ピクシーたちは返事も無く、俺の要望に応えた。
ピクシーA(うるさい方)がランク1の火魔法「ファイアボルト」をわざと誤射する。
火の矢が地面に突き立ち、そちらに注意が削がれたマンティコアに、ピクシーB(うるさくない方)のファイアボールが着弾した。
「グギャアアアアアアァ!」
そこからは文字通り、先ほどの焼き直しだ。
体の表面を焼かれてのたうつマンティコアに、ピクシー二体による火魔法のつるべ打ちである。

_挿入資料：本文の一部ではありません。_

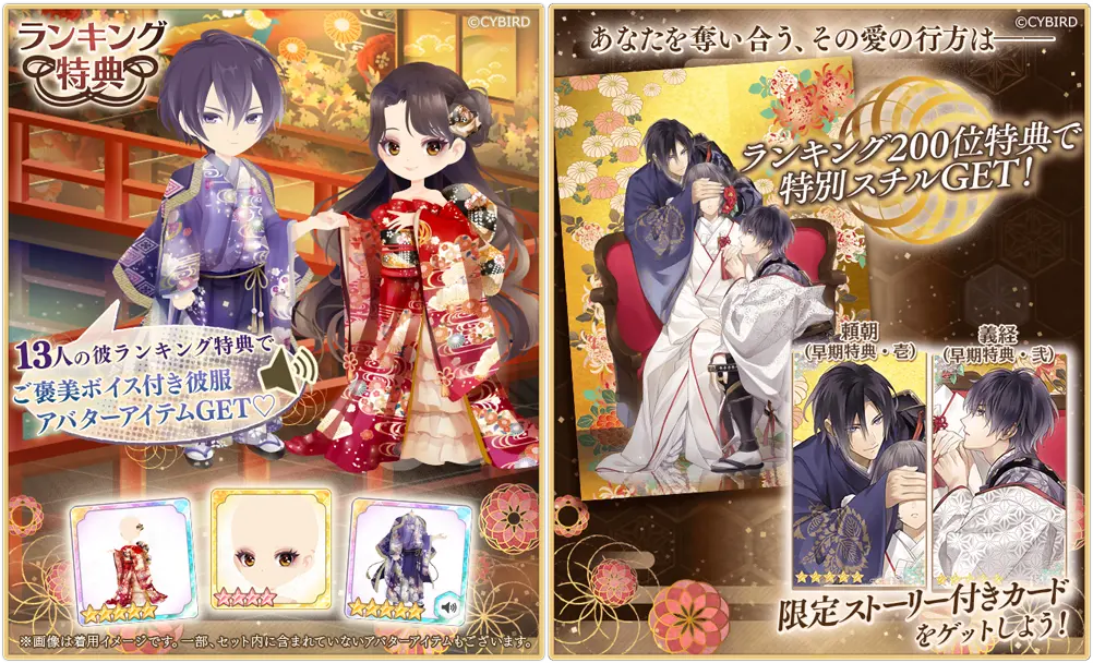 アプリをプレイするとコレクトアイテム(投票券)が獲得でき、彼らに投票することができます。投票した回数に応じて「源頼朝」と「源義経」があなたを奪い合うカードや、総選挙を記念した華やかなアバターアイテムを手に入れることができます。また、推しの彼に投票して「彼応援ランキング」の上位に入ると、初登場の「ご褒美ボイス付きアバターアイテム」など、レアな特典も獲得できます。

そしてものの数分後には、魔物の焼けた死体が転がっていた。
■ □ ■ □ ■ □
俺はマンティコアの死体に近寄り、槍の石突でつついて本当に死んでいるかを確認する。その後、さっきからか細い声で俺を呼ぶ野盗の男の下へ向かった。
「た、助けてくれてありがとよ……」
「ああ……」
男は助かってなどいない。
今も手で押さえてはいるが、首から血があふれ出て止まらない。これでは数分もすれば冷たくなっているだろう。

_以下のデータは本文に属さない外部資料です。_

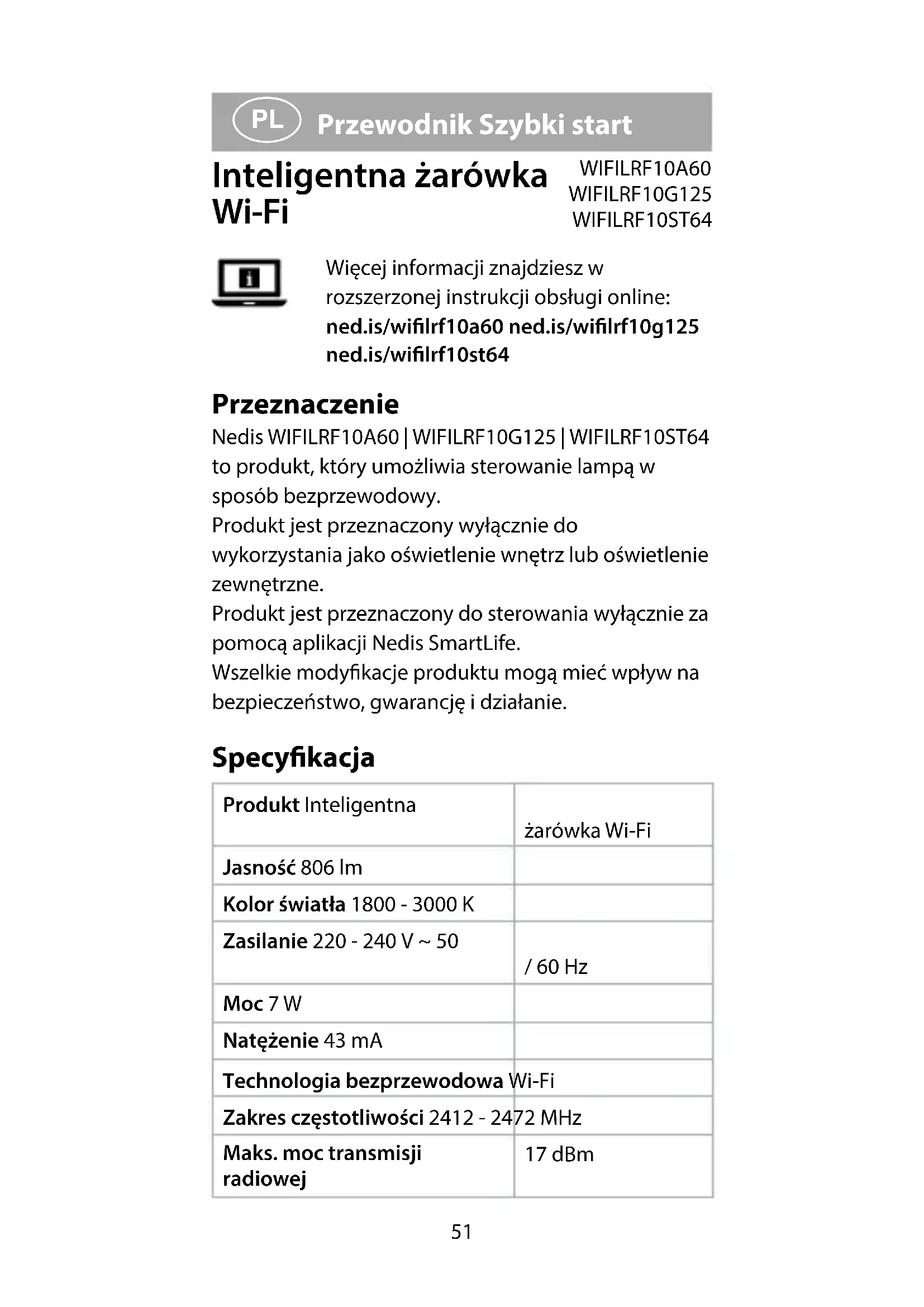 Przewodnik Szybki start Inteligentna żarówka Wi-Fi WIFILRF10A60 WIFILRF10G125 WIFILRF10ST64 Więcej informacji znajdziesz w rozszerzonej instrukcji obsługi online: ned.is/wilrf10a60 ned.is/wilrf10g125 ned.is/wilrf10st64 Przeznaczenie Nedis WIFILRF10A60 | WIFILRF10G125 | WIFILRF10ST64 to produkt, który umożliwia sterowanie lampą w sposób bezprzewodowy. Produkt jest przeznaczony wyłącznie do wykorzystania jako oświetlenie wnętrz lub oświetlenie zewnętrzne. Produkt jest przeznaczony do sterowania wyłącznie za pomocą aplikacji Nedis SmartLife. Wszelkie modykacje produktu mogą mieć wpływ na bezpieczeństwo, gwarancję i działanie. Specykacja Produkt Inteligentna żarówka Wi-Fi Jasność 806 lm Kolor światła 1800 - 3000 K Zasilanie 220 - 240 V ~ 50 / 60 Hz Moc 7 W Natężenie 43 mA Technologia bezprzewodowa Wi-Fi Zakres częstotliwości 2412 - 2472 MHz Maks. moc transmisji radiowej 17 dBm52 Oprawa E27 Materiał Szkło Numer katalogowy Wymiary Waga WIFILRF10A60 Ø 60 x 105 mm 30 g WIFILRT10G125 Ø 125 x 172 mm 100 g WIFILRF10ST64 Ø 64 x 142 mm 46 g Główne części (rysunek A) 1 Żarówka 2 Żarnik 3 Styk elektryczny Instrukcje bezpieczeństwa

「俺はよ、小せえときから悪やっててよ……ごほっ……」
ああこれは、辞世の句というかなんというか、今際のきわの言葉ってやつか。
俺を呼び付けたくせに焦点が合わない男の瞳を見て、ぼんやりとそう思った。
黙るのを怯えるように男が話すその内容は、正直胸糞の悪くなるものだった。
恐喝、窃盗、殺人、強姦。ステータススキル法を使わず、ギルドに縛られず、やり方を変え土地を変え、上手くやって来たのだと言う。
男の口調は自身を擁護するような部分もあったが、俺には全く共感できないものばかりだった。ただ、最後なのだからと何も言わずそれを聞いた。
しかし、男の最後の言葉で状況が一変する。
「へ、へへっ、最近はよ、女も囲ってそこそこ悠々自適に暮らしててよ……まだアジトにいると思うぜ……」
「お前……」
「冒険者さんよ、俺は悪やってきたが、道連れなんてのは趣味じゃねえや。乱暴に扱ったから駄目かも知らんが、ごほっ、生き直せそうなやつがいたら、連れてってやってくれや……」
長々と話しておいて、言いたかったのはこのことだったのか。
自身の来歴を語ったのは、この男の言う「囲っていた女」の状況を説明するためか、あるいは「実はいい人だった」なんて俺に思われるのが嫌だったのかもしれない。
悪なりの矜持と言うやつだろう。
まあ、これを俺に知らせる時点で、この男に悪党なりの良心があったことは事実だろうな。それで誰が救われるわけでも無いとは思うが。
「……さて、しゃあない。もう人頑張りだ」
俺はアジトとやらの場所を少し聞き出した後、囚われた女たちを救出しに、森へと歩き始めることにした。